Multi-die systems have found their way into the semiconductor mainstream, providing an avenue for faster scaling of system functionality with reduced risk and time to market. For compute-intensive applications such as AI, ADAS, hyperscale data centers, and high-performance computing, multi-die systems have become a system architecture of choice.
Comprised of multiple dies, also called chiplets, in a single package, multi-die systems meet demands for bandwidth and power driven by applications requiring growing functionality. By providing a modular architecture, they also enable chip designers to address the needs of multiple end market opportunities through faster development of product variants.
Compared to their monolithic counterparts, multi-die systems bring more layers of software complexity, even from an engineering resource perspective. Monolithic SoCs are typically developed by a team that fits under a particular organizational structure that follows a pre-determined schedule. Since multi-die systems are comprised of individual dies that might be on various foundry process nodes, you can imagine why the traditional flow won’t work here.

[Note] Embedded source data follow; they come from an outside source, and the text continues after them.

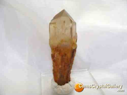 Natrual citrine. Lightbrary refers to the ""teacher"" crystal surrounded by the smaller ""student"" crystals. There is some micro damage on the tip", but otherwise a brilliant specimen. Citrine is believed to bring wealth into ones household and is believed to be great for transferring positive energy (feng shui) and grounding any negative energy.
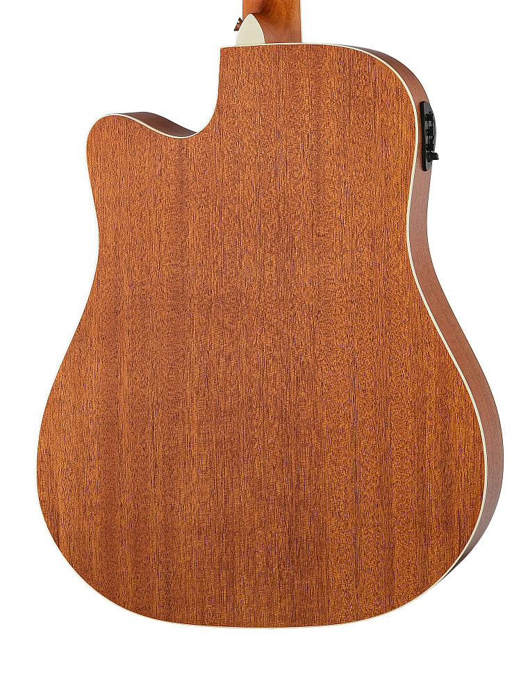 Задняя дека и обечайки из индонезийского красного дерева, известного своим чистым звуком и глубокими, четко выраженными басовыми нотами.
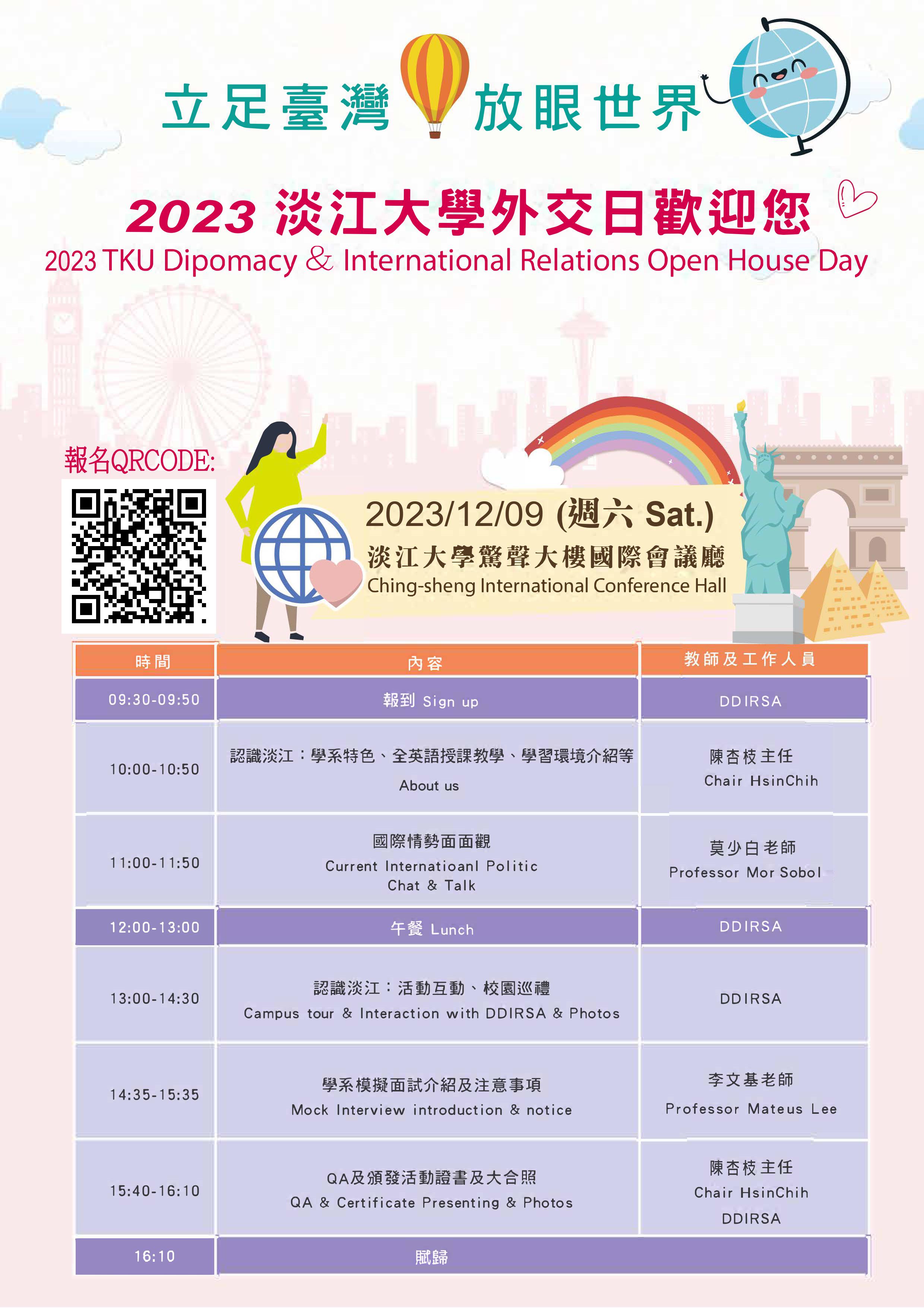 一、 活動內容包含系所介紹(全英語授課環境、與來自全世界各地的學生共同學習成長)、理解國際現勢及知識、校園環境認識、模擬面試介紹等。
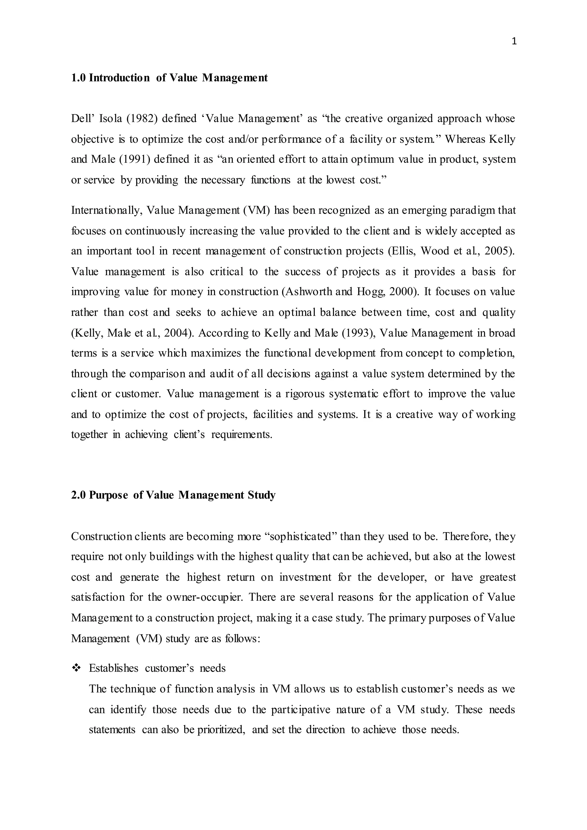 The document provides definitions and background information on value management. It discusses value management as a process that focuses on optimizing value and cost for projects. The document then describes the specific project being analyzed - a 5-story administrative building with data center spaces. It identifies that the project's cost estimate of RM 30 million exceeds the client's budget. Therefore, value management will be applied to optimize the design and cost without negatively impacting functionality or performance. The functional analysis technique is used to analyze the functions of different components and identify potential cost savings through area reductions or function consolidations. The analysis identifies over RM 1.8 million in potential cost savings through various space optimization proposals.
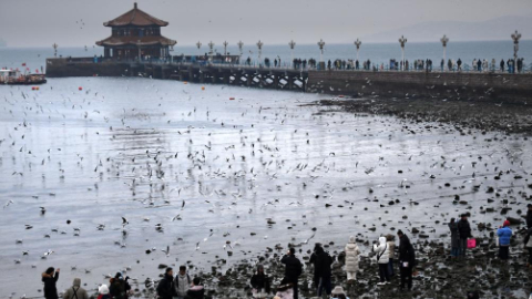 冬日,众多海鸥聚集在青岛栈桥景区飞舞、觅食,成为当地冬季旅游的标志性景观。
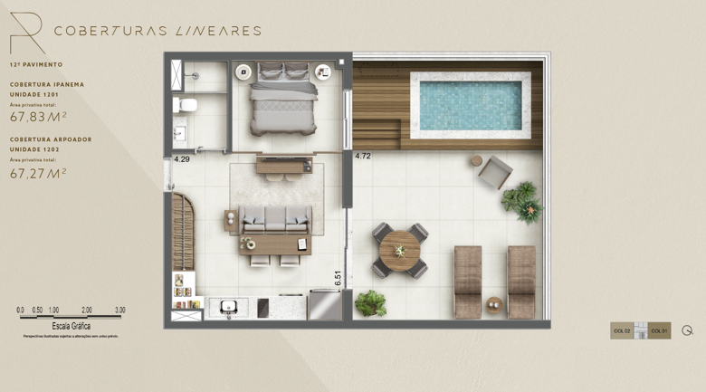 Escolha entre metragens que variam de 36m² a 81m², com opções de 1 ou 2 banheiros, adaptando-se perfeitamente ao seu estilo de vida. Desfrute da exclusividade de viver em Ipanema, em um projeto pensado para você.
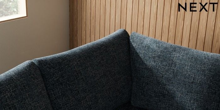 7.2.10 Buy Parker Medium Corner Sofa - Left Hand Chunky Chenille Dark Navy Blue Low Retro Tapered - Dark from the Next UK online shop Click here to use our accessible website
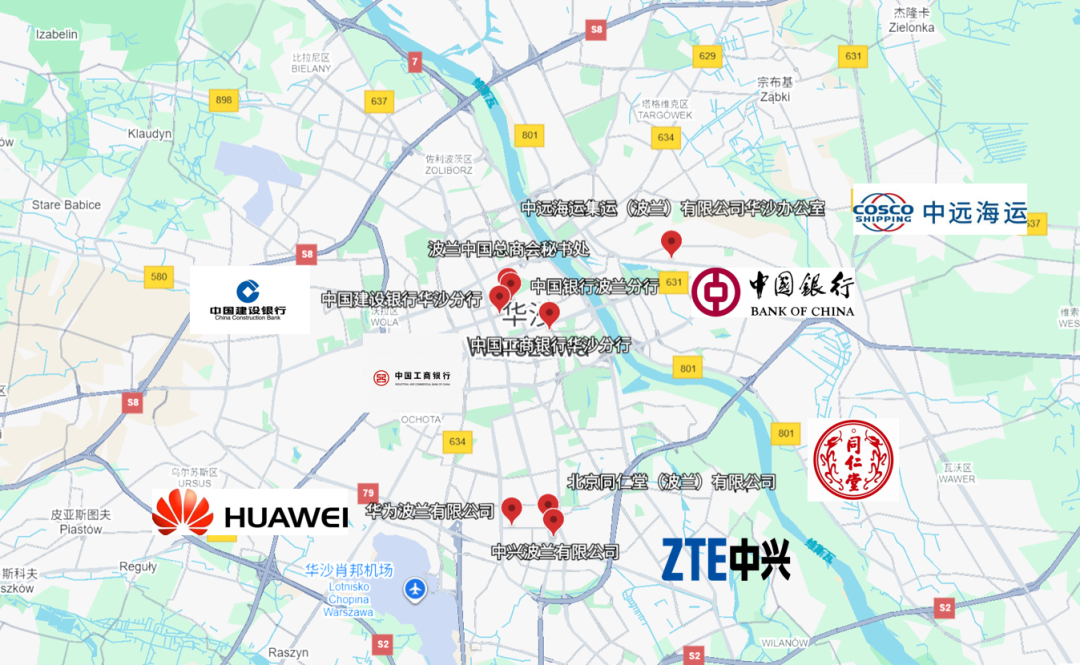 (波兰华沙中资企业分布图)
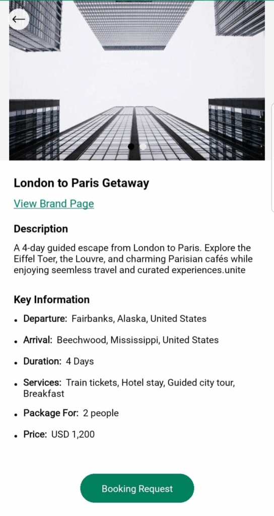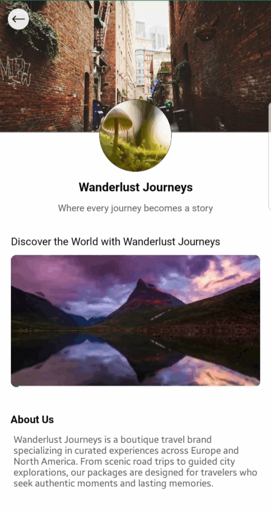 The Brand Page allows you to explore travel brands inside the app. Each brand presents its services, packages, and contact details in one place. This guide explains how you can interact with a Brand Page as a user.
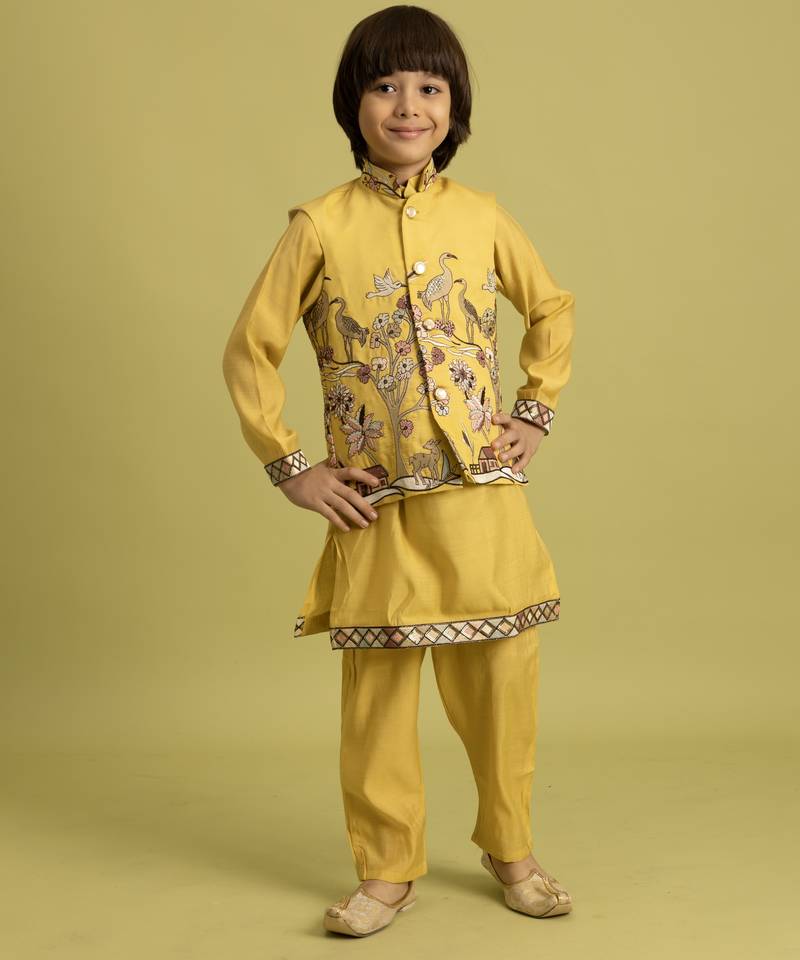 | Product Description | Dress Your Child In This Yellow Boys Kurta Pajama Set Made From Soft Viscose Silk Fabric. The Outfit Is Paired With A Matching Jacket Featuring Intricate Thread Embroidery Inspired By Traditional Floral And Bird Motifs. Designed For Comfort And Style, This Kurta Pajama With Jacket Is A Perfect Choice For Festive Occasions, Weddings, And Cultural Celebrations. |
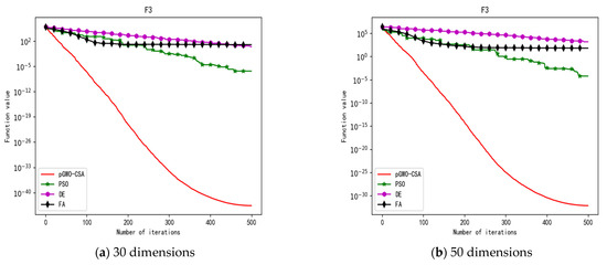 In 30 dimensions, the test results of these four algorithms on test function F1–F15 are shown in Table 3. The convergence curves of these four algorithms on test function F1–F15 are recorded in Figure 5a, Figure 6a, Figure 7a, Figure 8a, Figure 9a, Figure 10a, Figure 11a, Figure 12a, Figure 13a, Figure 14a, Figure 15a, Figure 16a, Figure 17a, Figure 18a and Figure 19a.

From a technical standpoint, the evolution is such that a system from a decade ago that would have consisted of multiple PCBs can now be implemented as a single multi-die system. The growth in software complexity is obvious. Aside from bringing the software stack up on the hardware of each die, the entire system needs to be integrated and tested. Data moves across different dies over complex die-to-die connectivity interfaces such as Universal Chiplet Interconnect Express (UCIe), which are often based on PCIe or CXL. These interfaces require correct software setup and programming. The picture gets particularly complicated with the inclusion of software hypervisors, comprising hardware interfaces that are shared using complex virtualized functions and para-virtualized software drivers, such as the single root input/output virtualization (SR-IOV) standard. These setups are hard to develop and debug in a singular PCIe host /device setup, let alone in a complex multi-die system containing multiples of these interfaces. Debugging is challenged both technically and organizationally: debug visibility is limited due to the limited amount of debug interfaces for a now-growing chip functionality, while debug might require connecting teams from different companies to understand and together determine the best way to approach this task.
Ensuring that the end application will perform correctly involves testing the software running on the chip for more than tens of billions of cycles on an emulation system prior to production. Any decisions around the hardware components in a multi-die system should not be made without consideration of the software. Software continues to evolve, so the testing process also entails a continuous effort.